Adam Curtis explique la même chose dans plusieurs de ses documentaires: Hypernomalization et Pandora's Box notamment. C'est aussi un de principaux thèmes de la série The Wire, où les policiers mis en scène sont sans cesse confrontés à la réalité de la vie aux marges de la société américaine et de la criminalité, et, contradictoirement, aux impératifs cosmétiques et arbitraires d'une hiérarchie uniquement préoccupée des apparences (chiffrées) de la lutte contre la criminalité, quelles que soient les conséquences humaines du gouffre entre les deux choses.

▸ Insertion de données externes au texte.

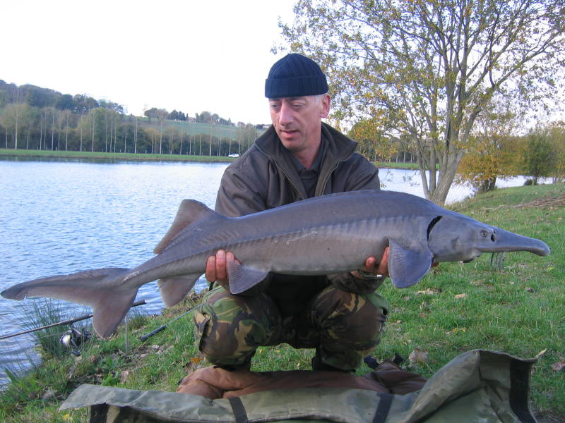 Zaterdag 31 oktober verlaat ik de 25 jarige bruiloft van Charrel en Do al om 23.30 uur. Vijftig minuten later ben ik onderweg naar Frankrijk. Eerst ontmoet ik Bjorn op een parkeerplaats bij Roosteren en na een snelle bak koffie rijden we elk in onze eigen auto naar Frankrijk. Vijf voor half zes komen we aan bij het water. We zijn redelijk brak van de rit en besluiten een rondje rond het water te lopen. Er zitten nog 3 vissers. Twee bij het eiland en een aan de overzijde. De stek waar we willen starten in het weiland is nog vrij, hoewel de fransman aan de andere kant van het hek Bjorn wel afstopt. We drinken een biertje op een goede vangst (het is tenslotte pas half zeven) en gaan naar de stek. Half negen liggen de hengels erin. De Fransman heeft gezegd in de middag te vertrekken en dat is voor ons voldoende. Een uurtje later probeer ik een dutje te gaan doen maar dat lukt niet. Teveel adrenaline en hoopvolle verwachting voor een nieuwe sessie. Het is grijs en grauw weer, het miezert, het water is 12½ graden en er waait een stevige zuidenwind, kracht 5 schat ik. De hele dag gebeurt er niets hoewel we aan de overzijde regelmatig vis uit het water zien komen. Als alle andere vissers weg zijn ga ik uitvaren. Eerst mijn eigen hengel naar de linkerzijde van het eiland, daarna die van Bjorn. Als ik gedropt heb en terug wil varen stuur ik de verkeerde kant op en zit ik vast. Muurvast!!! Vooruit, achteruit niets helpt. Ik baal als een stekker. We rijden om naar de andere kant om te zien of de boot zwemmend te bereiken is, maar we besluiten het uiteindelijk niet te doen. Ik vind het onverantwoord om een leven op het spel te zetten voor een speelgoedbootje. Ik ga de volgende dag wel op zoek naar een supermarkt om een rubber bootje te kopen en dan halen we hem daarmee wel op. De volgende ochtend is er bij mij op visgebied niets gebeurd. Bjorn heeft onder mijn voerboot een vis gevangen van 27 pond. We besluiten aan de overkant te gaan zitten omdat daar veel meer activiteit te zien is van karper. Als ik alles in de auto heb geladen besluit ik direct door te rijden naar de supermarkt om een bootje te kopen. Drie supermarkten later is mijn vertrouwen op een goede afloop aardig de grond ingeboord. Het kampeerseizoen is over en er worden nergens bootjes meer verkocht. Bij de laatste supermarkt hebben ze wel een luchtbed. Wel duur hoor, € 40,00 voor een rubber vlot. Maar ja, toch maar doen want mijn voerboot kostte 1200 Euro meer. Om elf uur liggen de hengels er weer in en ben ik aan ’t vissen. Een uurtje later meldt de eerste vis zich, maar die zwemt zich vast in het wier en de haak lost. Kut. Dat kan er ook nog wel bij. Gelukkig krijg ik ’s middags om half vier weer een herkansing. Deze keer gaat alles goed en de dril verloopt zwaar maar goed. Als de vis zich voor het eerst laat zien begin ik te lachen. Een steur. Die wilde ik graag nog toevoegen aan mijn rijtje bijvangsten. Even later ligt er een

2) Suivant Pierre Legendre, Supiot explique que le problème des sociétés contemporaines est de ne plus connaître de norme hétéronome qui puisse organiser le jeux social: la Loi. Au contraire, tout est disposé sur le même plan — or, selon lui, pour bien fonctionner, la société ne peux pas se contenter d'un foisonnement réticulaire immanent, tel qu'envisagé par Deleuze et Guattari, par exemple, mais doit pouvoir asseoir ses valeurs et, plus concrètement, son droit, sur une sorte de donnée extérieure et intangible qui peut fonder ou justifier la légitimité de ses institutions. Dans un contexte social ou il n'existe que des relations entre des individus isolés qui contractent les uns avec les autres dans le vide, ce qui émerge, c'est nécessairement de la violence: celle des forts sur les faibles... En effet, le contrat lui-même pour avoir une force opératoire dépend d'une puissance normative surplombante qui puisse garantir a minima la confiance entre les parties.

(J'imagine que cette norme ou cette force hétéronome peut n'être pas transcendante — elle pourrait simplement le sembler, comme "la puissance de la multitude" de Spinoza, telle qu'elle est réinterprétée par Frédéric Lordon dans son livre Imperium, pour fonder efficacement un système social/de valeur.)

3) Le rêve cybernétique est celui de s'émanciper d'une telle force transcendante et hétéronome: il existerait simplement des individus, des atomes d'humanité, homo economicus, qui ne font société que dans la mesure où ils sont connectés en réseaux d'échanges (marchés...) utilitaristes — réseaux que l'on peut configurer, programmer non pas grâce à des lois, qui impliqueraient l'existence d'une politique, d'un plan explicitement orienté, mais plutôt à l'aide d'une "gouvernance" qui permet de faire "naturellement" émerger l'ordre le meilleur, l'équilibre. On peut de la sorte prétendre évacuer la politique et se bercer de l'illusion qu'on peut simplement s'en remettre à un système qui trouvera naturellement son équilibre optimum. Illusion authentique, vécue souvent sincèrement, sans cynisme, mais qui émerge d'autant plus facilement qu'elle favorise les intérêts du grand capital.

Ces développements ont lieu dans un contexte de délitement graduel du pouvoir de l'état, ou en tout cas d'un pôle unifié de souveraineté, qui subit la corrosion de la mondialisation et qui semble à Supiot mener à terme à une nouvelle forme de féodalité, dans laquelle les acteurs moins puissants doivent faire allégeance à plus puissants qu'eux dans un ordre où l'état ne garantit plus l'identité et les droits des individus. La souveraineté s'émiette. Le droit est vidé de sa force normative par le law shopping, comme les états de leur force d'action par l'évasion fiscale massive pratiquée par les multinationales et les ménages fortunés.

Ce que la gouvernance par les nombres permet aux élites d'évacuer c'est surtout la démocratie — car celle-ci a toujours le potentiel de pouvoir porter atteinte à la configuration présente du système de la vie en commun, et par là, à leur domination.